Four known kaempferol glycosides, Mauritianin, clitorin, nicotiflorin and biorobin, have been isolated from the flowers and leaves of Acalypha indica. Some formerly published NMR data were corrected.
Study on the phenolic constituents of the flowers and leaves of Trifolium repens L
Nat Prod Res 2012 Nov;26(21):2050-4.PMID:22117193DOI:10.1080/14786419.2011.637217.
The flowers and leaves of Trifolium repens L. (Fabaceae) were subjected to phytochemical investigation in order to identify their major chemical constituents and to evaluate in vitro antioxidant activity of the isolated compounds against DPPH˙. A total of 12 flavonoids, pterocarpan and methyl caffeate were isolated, then characterised by UV, MS, NMR spectroscopy and identified as quercetin and kaempferol 3-O-(6″-α-rhamnopyranosyl-2″-β-xylopyranosyl)-β-galactopyranosides (1, 2), kaempferol 3-O-(2″,6″-α-dirhamnopyranosyl)-β-galactopyranoside, Mauritianin (3), quercetin and kaempferol 3-O-(2″-β-xylopyranosyl)-β-galactopyranosides (4, 5), kaempferol and quercetin 3-O-β-(6″-O-acetyl)-galactopyranosides (6, 7), trifolin (8), hyperoside (9), myricetin 3-O-β-galactopyranoside (10), quercetin (11), ononin (12), medicarpin 3-O-β-glucopyranoside (13) and methyl caffeate (14). Mauritianin, ononin, pterocarpan and methyl caffeate have been reported in this plant for the first time. The compounds 4, 7, 9, 10, and 11 were tested for their antioxidant effect against DPPH˙. All studied compounds were found to have potent activity, but the most effective in the test were compounds 9, 10 and 11 (EC(50) values in the range 7.51-9.52 µM).
[Study on chemical constituents from branches and leaves of Polyalthia nemoralis]

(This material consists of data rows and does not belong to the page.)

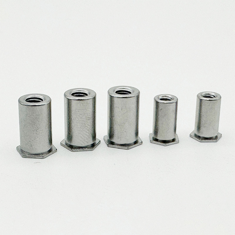 Kor dəlik düz başlısı hexagon Riveted qoz nazik materiallar üçün uyğun bir bərkidicidir. Güclü və davamlıdır və ip taxmaq asan deyil. Asan quraşdırma üçün bir hex forması var, qapalı bir boşluq və bir qoz gövdəsi olan düz sayğac başı var. Quraşdırdığınız zaman, qoz materialın üzərinə kilidləmək üçün mexaniki olaraq (perçin kimi) deformasiya edir.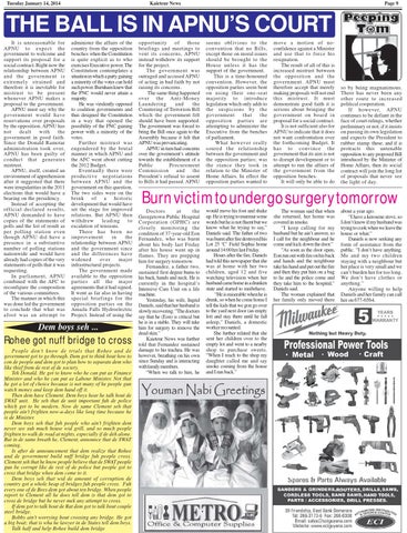 move a motion of noconfidence against a Minister and use that to force his resignation. The result of all of this is increased mistrust between the opposition and the government. APNU must therefore accept that merely making proposals will not end this mistrust. It must demonstrate good faith it is serious about bringing the government on board in proposal for a social contract. It is not sufficient also for APNU to indicate that it does not want confrontation over the forthcoming Budget. It has to convince the government that its aim is not to disrupt development or to attempt to run the affairs of the government from the opposition benches. It will only be able to do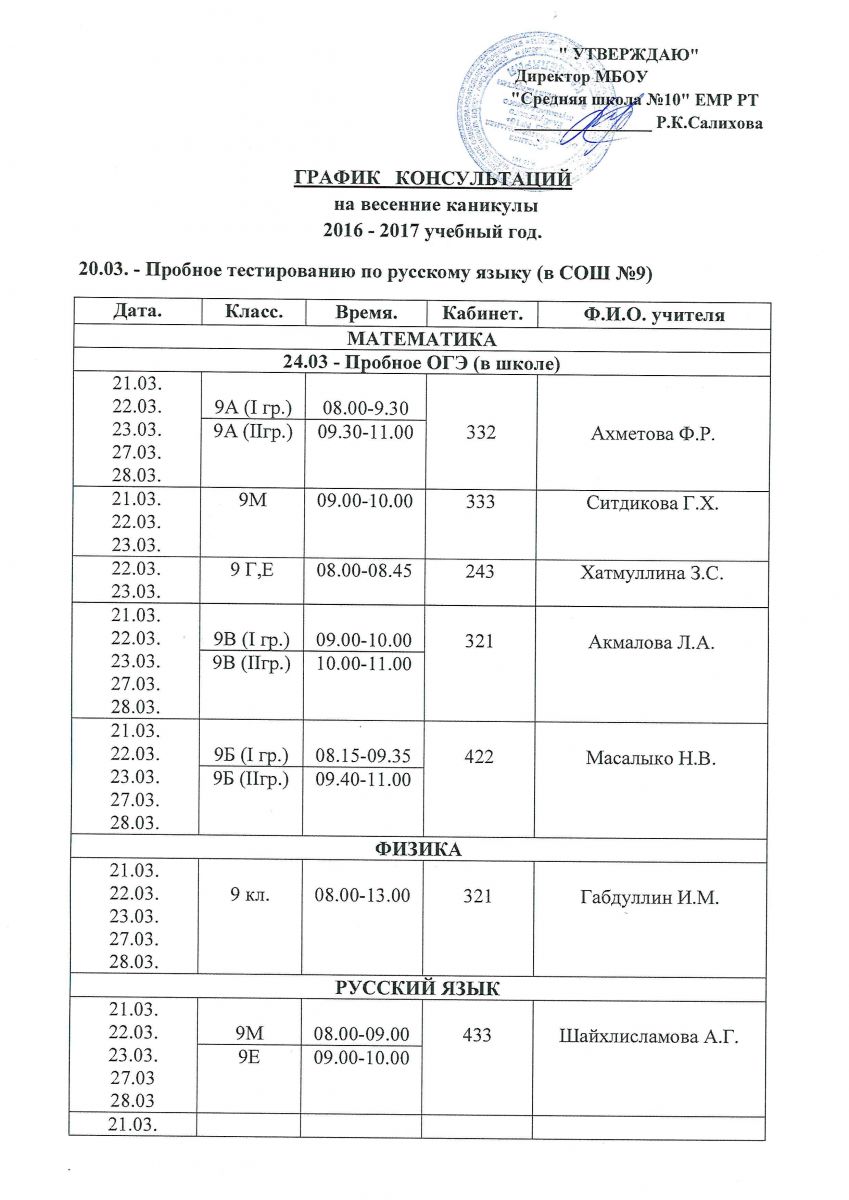 Графики консультаций по подготовке к ОГЭ и ЕГЭ во время весенних каникул

Zhongguo Zhong Yao Za Zhi 2011 Apr;36(8):1024-7.PMID:21809577doi
Objective: To investigate the chemical constituents of the branches and leaves of Polyalthia nemoralis. Method: The compounds were isolated and purified by silica gel, macroporous adsorption resin and Sephadex LH-20 column chromatographic methods. Their chemical structures were elucidated on the basis of physicochemical properties and spectral data. Result: Fourteen compounds were isolated and identified as syringic acid (1), 3-methoxy-4-hydroxycinnamic acid (2), vanillic acid (3), 4-hydroxybenzoic acid (4), Mauritianin (5), (+)-xylopinidine (6), (+)-oblongine(7), (+)-tembetarine (8), eythritol (9), D-mannitol (10), ethyl-beta-D-glucopyranoside (11), (+)-magnoflorine (12), stepharanine (13), (2S, 4R)-4-hydroxy-2-piperidine-carboxylic acid (14), respectively. Conclusion: All the compounds were isolated from the genus Polyalthia for the first time; compounds 6 and 13 showed inhibitation activities against multi tumor cell lines.

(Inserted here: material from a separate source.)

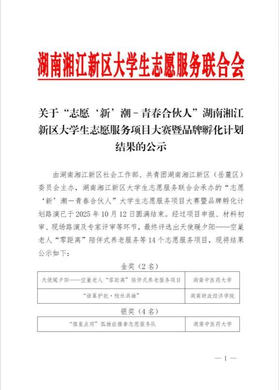 为促进高校志愿服务项目化、专业化与品牌化发展,10月12日下午,由湖南湘江新区社会工作部、共青团湖南湘江新区(岳麓区)委员会主办,湖南湘江新区大学生志愿服务联合会承办的“志愿‘新’潮-青春合伙人”大学生志愿服务项目大赛暨品牌孵化计划路演,于湖南湘江新区桔子洲街道学堂坡社区成功举行。best365官网语翼飞翔志愿服务队凭借申报的“语翼护航·校社共融”项目,在外国语学院党委副书记张鹏老师的悉心指导下,从七十余个参赛项目中脱颖而出,荣获大赛金奖。

A new natural naphtho[1,2-b]furan from the leaves of Cassia fistula
J Asian Nat Prod Res 2013 Nov;15(11):1210-3.PMID:23822190DOI:10.1080/10286020.2013.812077.

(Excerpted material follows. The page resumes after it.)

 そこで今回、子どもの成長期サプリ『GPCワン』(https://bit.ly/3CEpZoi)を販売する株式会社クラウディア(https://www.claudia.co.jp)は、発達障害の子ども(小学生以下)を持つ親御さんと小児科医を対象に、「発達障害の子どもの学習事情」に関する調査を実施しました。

A new naphtho[1,2-b]furan, 2,9-dihydroxy-7-methoxy-4-methylnaphtha[1,2-b]furan-3(2H)-one (1), along with 10 known compounds vanillic acid (2), naringenin (3), glyceryl-1-tetracosanoate (4), moracin J (5), 1,3,8-trihydroxyanthraquinone (6), esculetin (7), Mauritianin (8), kaempferol 3-neohesperidoside (9), β-sitosterol (10), and β-daucosterol (11), was isolated from the leaves of Cassia fistula. The structure of the new compound was determined by NMR and X-ray analysis. Compounds 1, 3, 5-9 were isolated from this plant for the first time. The naphtha[1,2-b]furan was firstly isolated from the natural resources.